# Converting a 6" tow behind chipper to pto



## fourwheelinj1 (Oct 6, 2011)

I just bought and old gravely 6" tow behind chipper really cheap because it is missing the engine. It originally had a 25 hp Kohler engine. I was planning on just buying a another 25 hp engine but the 25 hp seem underpowered and expensive so I am contemplating converting it to run off a tractor pto. I have a 35 and 60 hp tractor I could run it off. Does this seem feasible? I would need to make some sort of adapter with a belt pulley to hook the pto shaft to. The chipper originally had a clutch mounted on the engine. Would I need some sort of clutch if it is pto powered? Any other things I need to take into consideration? Here are some pics of the chipper.


----------



## RC Wells (Dec 26, 2008)

The cost of converting to PTO operation will most certainly exceed the cost of a 25 horse engine. 

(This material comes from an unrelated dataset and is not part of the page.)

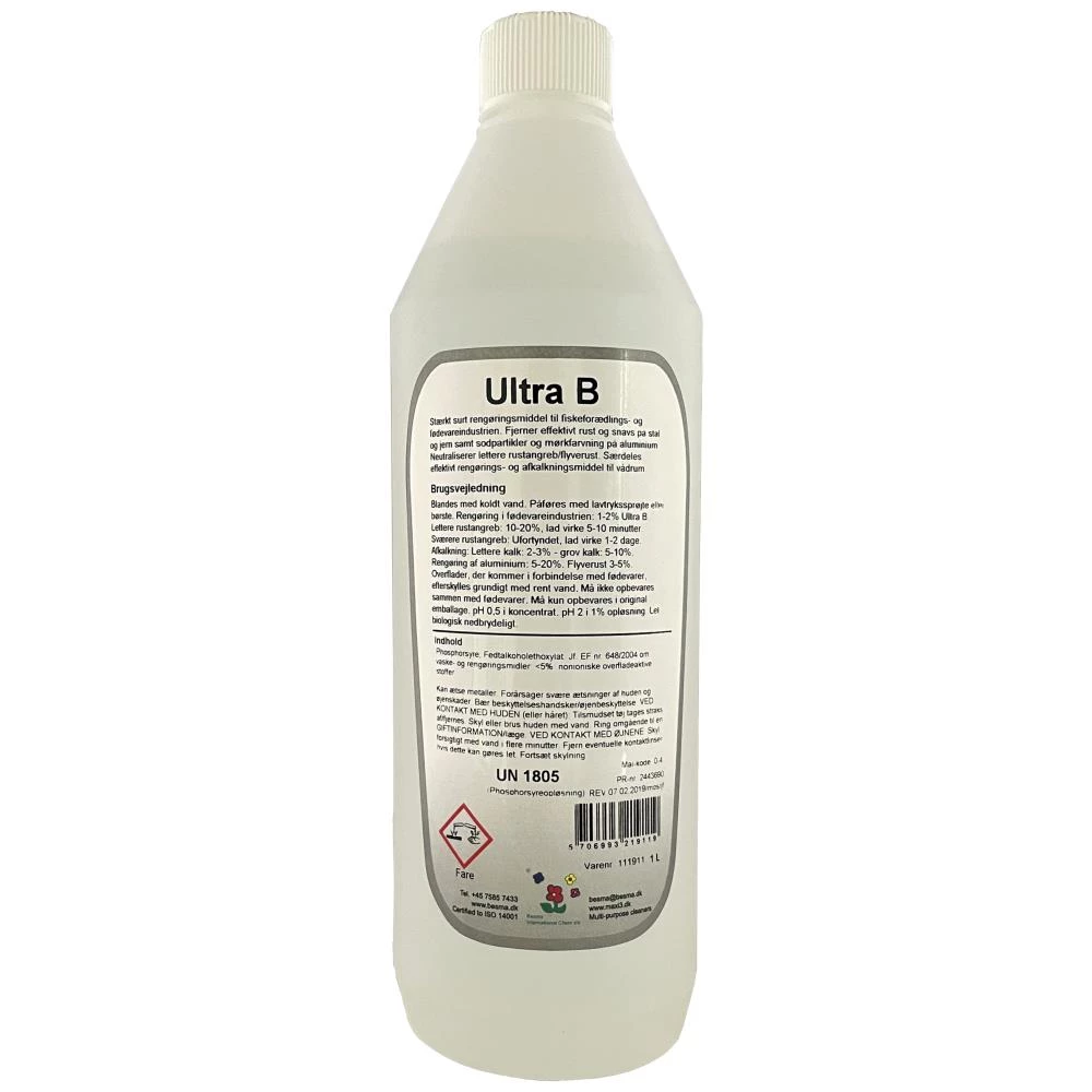 Ultra B er et stærkt, surt rengøringsmiddel til fiskeforædlings- og fødevareindustrien. Ultra B anvendes til sur rengøring af procesudstyr i levnedsmiddelindustrien, fjerner effektivt rust og snavs på stål og jern, fjerner effektivt sodpartikler og mørkfarvning på aluminium og er særdeles effektivt som rengørings- og afkalkningsmiddel i vådrum. Produktet kan også anvendes til polering af rustfrit stål med roterende stålbørste. Fjerner bakterier og flyverust. Ultra B beskytter mod rust i kortere tid (3-4 døgn). Ultra B skal blandes med koldt vand efter behov, påføres med lavtrykssprøjte eller børste og efterskylles med rent vand. Kan misfarve visse typer plast. pH-værdi koncentreret 0,5 og pH-værdi i 1 % opløsning 2,0. Fås i flere varianter.

Your chipper is hydraulically driven, so will need a PTO gearbox that steps up the tractor's PTO speed to the original engine's rated rpm to operate the chipper's pump. The cost of that gearbox will exceed the price of the new engine alone, and you still will need the PTO shaft and connections, and the safety shields.

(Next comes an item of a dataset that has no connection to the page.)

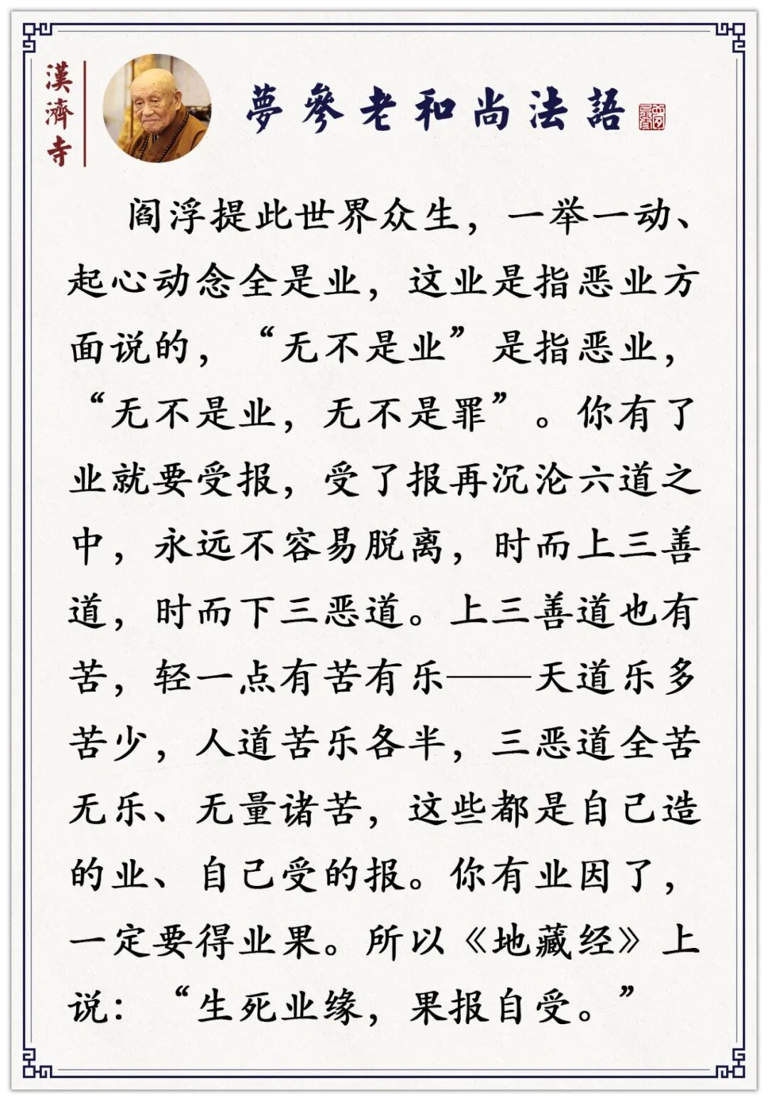 阎浮提此世界众生,一举一动、起心动念,全是业。这业是指恶业方面说的,“无不是业”是指恶业,无不是业,无不是罪。你有了业就要受报,受了报,在沉沦六道之中,永远不容易脱离,时而上三善道,时而下三恶道。

The last one of those old beasts that I saw used a Kohler Command engine that would likely be compatible with the current 25HP KOHLER COMMAND ENGINE CH730PS, that is made to operate a hydraulic pump. I would guess that engine would be around $2,200 to your door, and the step up gearbox to get from 540 rpm to the rated rpm of that Kohler engine would run about $3,700 and that is without the work of welding brackets, etc.

If you have a hydraulic spool system that has a constant flow option on your tractor, it is possible that you could adapt the hydraulic hoses from the chipper drive motor to the tractor's hydraulic system, but you will need pressure and flow information for both the tractor and the chipper to know if that is feasible.

Unfortunately I do not have any specifications on flow rate and pressure requirements of the Gravely 04108953 hydraulic motor that I suspect powers that chipper.

A hydraulic repair shop may be able to provide you with the flow details on the hydraulic motor, but would likely need to see the motor itself to do so.


----------



## bcp (Apr 25, 2011)

A couple of ideas, and one more. 

1. 22 hp $699 at http://www.harborfreight.com/22-hp-670cc-v-twin-horizontal-shaft-gas-engine-epa-61614.html

2. Hydraulic tank on the trailer, PTO pump on the tractor

3. Old air-cooled VW engine on the chipper.

Bruce


----------